> _Dataset_:
━━━
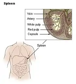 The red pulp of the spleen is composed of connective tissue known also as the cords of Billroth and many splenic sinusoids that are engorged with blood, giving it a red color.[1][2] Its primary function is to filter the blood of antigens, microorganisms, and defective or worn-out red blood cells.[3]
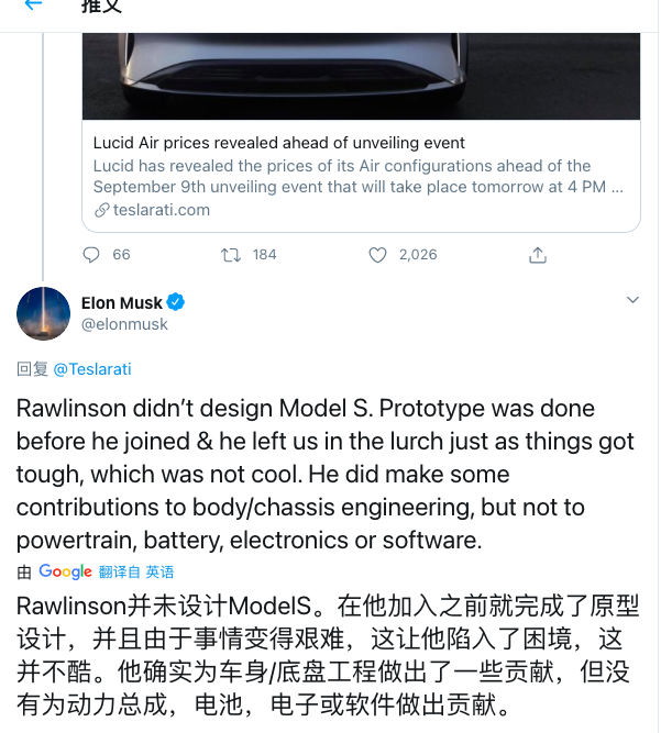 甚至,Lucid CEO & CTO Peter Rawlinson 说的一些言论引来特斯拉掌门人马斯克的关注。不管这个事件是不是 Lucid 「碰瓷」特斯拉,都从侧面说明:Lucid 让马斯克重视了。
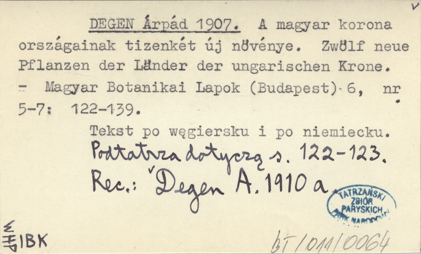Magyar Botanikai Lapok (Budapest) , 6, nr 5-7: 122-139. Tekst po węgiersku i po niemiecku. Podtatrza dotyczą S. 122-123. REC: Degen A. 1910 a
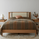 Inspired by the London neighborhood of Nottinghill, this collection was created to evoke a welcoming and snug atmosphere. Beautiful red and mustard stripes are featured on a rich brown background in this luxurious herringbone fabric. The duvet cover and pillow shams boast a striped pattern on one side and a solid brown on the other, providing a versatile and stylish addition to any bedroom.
━━━
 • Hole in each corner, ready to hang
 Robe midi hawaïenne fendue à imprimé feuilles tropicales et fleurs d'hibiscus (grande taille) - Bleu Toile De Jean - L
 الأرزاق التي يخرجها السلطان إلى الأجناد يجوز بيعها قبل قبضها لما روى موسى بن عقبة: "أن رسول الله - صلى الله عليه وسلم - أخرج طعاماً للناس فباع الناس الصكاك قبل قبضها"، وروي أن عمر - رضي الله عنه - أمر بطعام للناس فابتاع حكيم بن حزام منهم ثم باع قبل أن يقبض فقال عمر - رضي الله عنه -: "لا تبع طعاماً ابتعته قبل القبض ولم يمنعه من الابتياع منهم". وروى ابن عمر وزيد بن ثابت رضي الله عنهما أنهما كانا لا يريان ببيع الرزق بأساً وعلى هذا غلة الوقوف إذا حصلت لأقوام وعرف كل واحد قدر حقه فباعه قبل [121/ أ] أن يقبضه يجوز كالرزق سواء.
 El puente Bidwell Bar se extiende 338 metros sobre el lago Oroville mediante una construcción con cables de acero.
━━━
> _Work required_:
Exact copy, pictures excluded: from the line with "The red pulp" up to and including the line with "Inspired by the" in the data above.

> _Answer to the exercise_:
 The red pulp of the spleen is composed of connective tissue known also as the cords of Billroth and many splenic sinusoids that are engorged with blood, giving it a red color.[1][2] Its primary function is to filter the blood of antigens, microorganisms, and defective or worn-out red blood cells.[3]
 甚至,Lucid CEO & CTO Peter Rawlinson 说的一些言论引来特斯拉掌门人马斯克的关注。不管这个事件是不是 Lucid 「碰瓷」特斯拉,都从侧面说明:Lucid 让马斯克重视了。
Magyar Botanikai Lapok (Budapest) , 6, nr 5-7: 122-139. Tekst po węgiersku i po niemiecku. Podtatrza dotyczą S. 122-123. REC: Degen A. 1910 a
 Inspired by the London neighborhood of Nottinghill, this collection was created to evoke a welcoming and snug atmosphere. Beautiful red and mustard stripes are featured on a rich brown background in this luxurious herringbone fabric. The duvet cover and pillow shams boast a striped pattern on one side and a solid brown on the other, providing a versatile and stylish addition to any bedroom.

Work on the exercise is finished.